La importancia de afiliar a los empleados a la seguridad social desde el primer día

Trabajar sin protección social es trabajar al borde del abismo
Hay una reflexión que brilla por su ausencia en la mayoría de los procesos de contratación: ¿qué sucedería si este trabajador sufre un accidente esta tarde, cuando todavía no hemos terminado los papeles?
La respuesta, en la mayoría de los casos, es incómoda: el trabajador quedaría desprotegido, y la empresa asumiría una responsabilidad para la que nadie está preparado.
Este no es un ejercicio teórico diseñado para asustar a los empresarios. Es una realidad cotidiana que ocurre en miles de empresas de todos los tamaños, en todos los sectores y en todos los países.
El tiempo que transcurre entre el primer día y la afiliación: un vacío peligroso
En gran parte de las empresas hay un período que se da por sentado como parte del proceso. Esa etapa de transición no es inocua. Es un tiempo durante el cual el trabajador está completamente expuesto sin que él lo sepa ni lo haya consentido.
Piénsese por un momento desde la perspectiva del empleado. Ese trabajador confía, con razón, en que su empleador ha cumplido con los trámites correspondientes. Y esa buena fe depositada en el empleador, cuando no se corresponde con la realidad, deja a la persona en una situación que no eligió y que no conoce.
La protección que otorga el sistema de seguridad social no es una recompensa por superar el período de prueba
Este es, sin duda, uno de los equívocos más costosos que puede tener un empresario respecto a sus obligaciones con el personal. Hay quienes piensan que tiene sentido esperar a ver si la persona funciona antes de invertir en su protección social.
La ley no contempla esa lógica. En el momento exacto en que se inicia la relación laboral, el empleador adquiere el deber de inscribir al trabajador en el sistema.
No hay norma alguna que autorice a una empresa a poner en riesgo la seguridad de una persona mientras evalúa si merece ser protegida. Y a pesar de ello, este comportamiento es frecuente. Y esa frecuencia es una señal de alerta que el mundo empresarial no puede seguir ignorando.
Lo que se juega un trabajador no afiliado en cada jornada laboral
La seguridad social, leer más en su concepción más completa, es un sistema diseñado para acompañar al trabajador en los momentos más vulnerables de su vida laboral.
Esa red cubre la enfermedad que aparece sin avisar.
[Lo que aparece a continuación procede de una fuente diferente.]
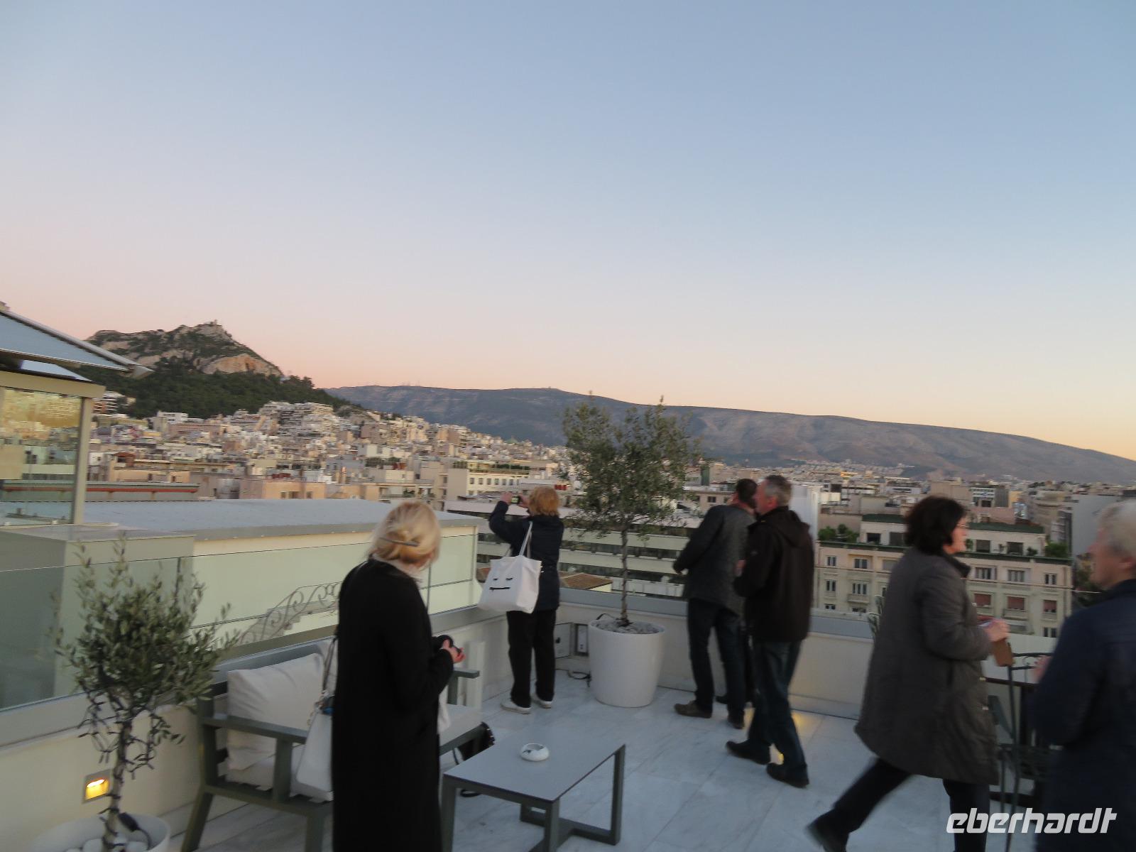 Nach unserer Ankunft in Athen begrüßten uns der örtliche Reiseleiter Simos und unser Busfahrer Kostas. Danach sind wir zum Hotel über die Attika-Autobahn gefahren und konnten auf den Weg dahin, verschiedene Dörfer sehen, in denen Olivenöl, Gemüse, Obst und auch das bekannte Efesina Weißwein produziert werden. Außerdem bekamen wir einen kleinen Eindruck von der Stadt und konnten uns schon die ersten Wörter auf Griechisch aneignen. Im Hotel angekommen, genossen wir unser Abendessen und hatten die Möglichkeit den Abend mit einem Getränk auf einer wunderschönen Terrasse mit Ausblick auf die Akropolis ausklingen zu lassen.

Pero esa red solo funciona si el trabajador está dentro de ella.
Cada día sin afiliación es un día en que el trabajador enfrenta su jornada sitio web sin ese respaldo.
La empresa que cumple con sus trabajadores construye sobre suelo firme
Independientemente de la dimensión moral y del marco normativo, existe una razón de conveniencia empresarial que no puede ignorarse: las empresas que protegen a sus trabajadores generan entornos laborales más estables, más productivos y más atractivos para el talento.
Una persona que sabe que cuenta con respaldo institucional puede concentrarse en sus funciones sin la angustia de la desprotección.
Y en el otro extremo, cuando un empleado se entera de que estuvo desprotegido durante sus primeras semanas, el daño en la relación laboral es casi siempre irreparable.
Afiliar desde el primer día no requiere grandes recursos ni procesos complicados
El principal obstáculo para la afiliación oportuna no es técnico ni económico.
Cuando una empresa decide que afiliar al trabajador desde el primer día es innegociable, la inscripción deja de ser un pendiente para convertirse en el punto de partida de cada nueva relación laboral.
Cumplir con este deber sin dilaciones es la forma más concreta y más honesta de decirle a una persona: tu bienestar importa, y esta empresa lo demuestra con hechos desde el primer instante.